The Hillz is a 2004 film written and directed by Saran Barnun and starring Rene Heger, Jesse Woodrow, and Paris Hilton. It centers around four kids from Beverly Hills who form a ruthless gang. The entire film features Steve's (Woodrow) feeble attempts to obtain Heather Smith (Hilton) as his girlfriend, and a ruthless rebel child with some clear psychological disorders named Duff and his friend T trying to earn respect in their gang.

==Plot==
The film follows the experiences of a promising athlete named Steve and his friends who live in a small southern California town. Steve's three friends, Duff, Seb, and T, all come from wealthy families and spend most of their time getting high, drinking at parties, and harassing Ahkmed, a convenience store clerk. After finding a gun in a girl's house, Duff starts violently pursuing a life of crime with T, the loudmouthed instigator with a Napoleon complex, at his side.

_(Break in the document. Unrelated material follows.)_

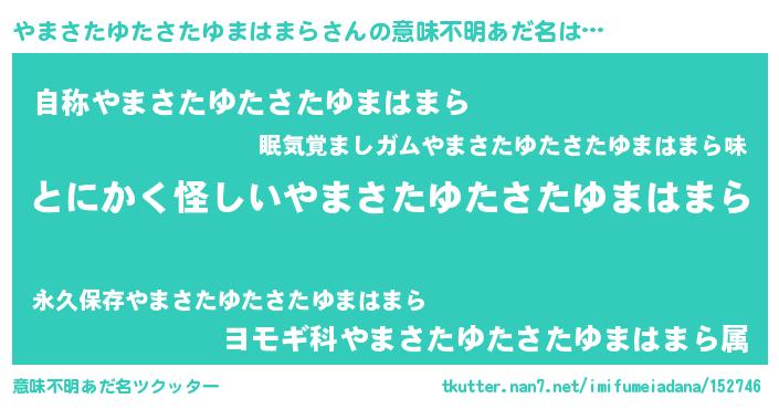 女子向けラノベタイトル風あだ名 | 『やまさたゆたさたゆまはまらの卵を拾いまして』 |

After Duff kills a kid who volunteers at the police department, the story fades away and we come back to find Steve returning home from college a year later just after being successful in college baseball. Steve came back to get his dream girl, Heather Smith, who told him that if he made it as a baseball player she would consider dating him. Steve runs into Duff's gang. Things spiral out of control for Steve as we learn that Duff and T have become submerged in what they think is one of the hardest gangs ever. In fact, shortly after Steve joins up with Duff and T, he witnesses them kill a man in broad daylight in the middle of the street over $80.

As the story unfolds, it is clear that Heather is being used and abused by her new boyfriend Todd, whom she is reluctant to leave for Steve. Later Steve convinces Seb, who broke his ties with Duff's crew, to come out and party with Duff and the old gang for a night. T insults two Korean men by calling them Gooks, who then fire an Uzi into Duff's car, killing Seb. Duff and T were later sold out to a crooked undercover cop and the older brother of the man who was previously shot over $80. They killed T and then a narcotics officer, and his team busted the door down and were all killed.

The end of the movie has Steve and Duff driving along the street when a couple of young kids throw something at Duff's car causing the two get to out of the car and chase after them. As they get near the kids, one of them turns, pulls a gun, and shoots Duff and Steve, killing them both.